My best friend called, and somehow even everything is a little better. He's still out there. He still reads my emails. He still cares about me. His life is hectic and without a schedule -- both he and his wife are looking for jobs, they are selling the house themselves (are FSBOs ever easy?), preparing to move. Just because he doesn't have the time, or perhaps it would be fairer to say we don't have the synchronicity we once did, to allow him to sit and talk with me for hours on end doesn't mean I don't cross his mind. I still matter.
I trusted him with my secrets and with (a reasonable facsimile of) who I really am. He has seen me more vulnerable than most people have. Partly because he revealed himself to me early on, I believed I could trust him. For a long time, I suspected this friendship was a sturdier lifeline for him than it was for me. I was just beginning to get used to having someone I could lean on. Then one day in April … POOF! Gone. It was cruel, and scary.
And, as he says, "not part of the plan." After all, he was laid off. Sucker punched. It's not like he abandoned me, no matter how much it feels like that. And while I feel a tremendous sense of loss, his whole life changed overnight. I need to remember that.

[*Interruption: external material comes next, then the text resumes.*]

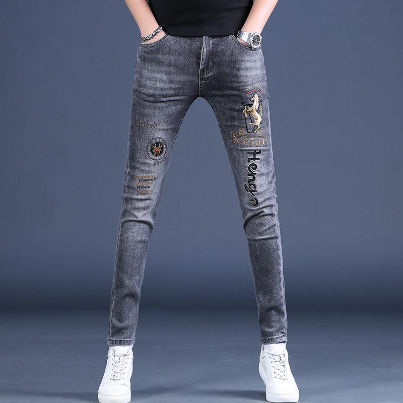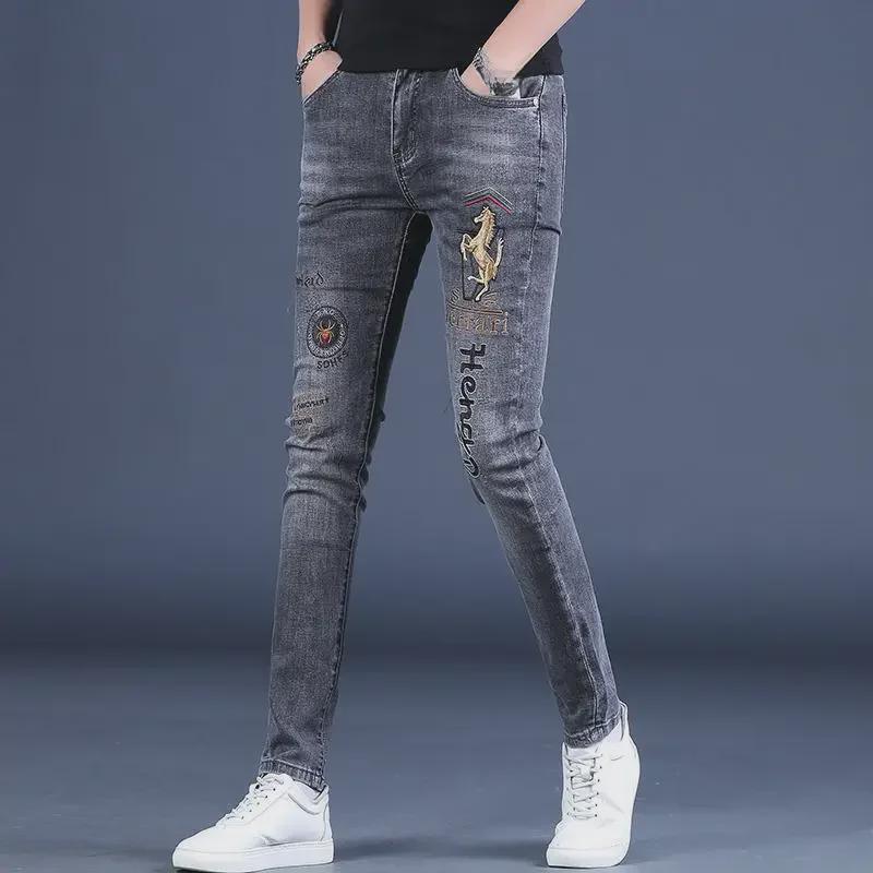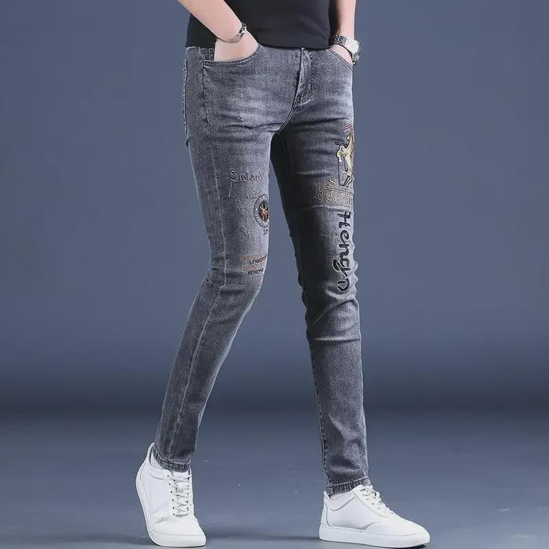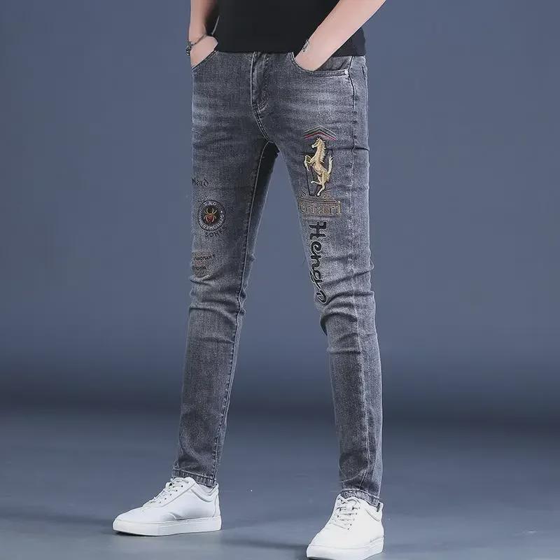 Мужские узкие джинсы с вышитым узором «европейский пони» — облегающий крой, модная одежда на весну/осень

I have decisions to make. I can't stay at this job. I have to organize my search and get off my butt. I have to get over this feeling of aimlessness and inertia. And I have to do it without the steady hand of my best friend on the small of my back. He has too much on his plate right now to give me as much support as I want.
But he's still there. His new life will take shape, gel, and settle into a routine and he's shown that he will make space for me. And I can get through this.
I still have my friend. We're just different. Our relationship is evolving. But he's still my friend.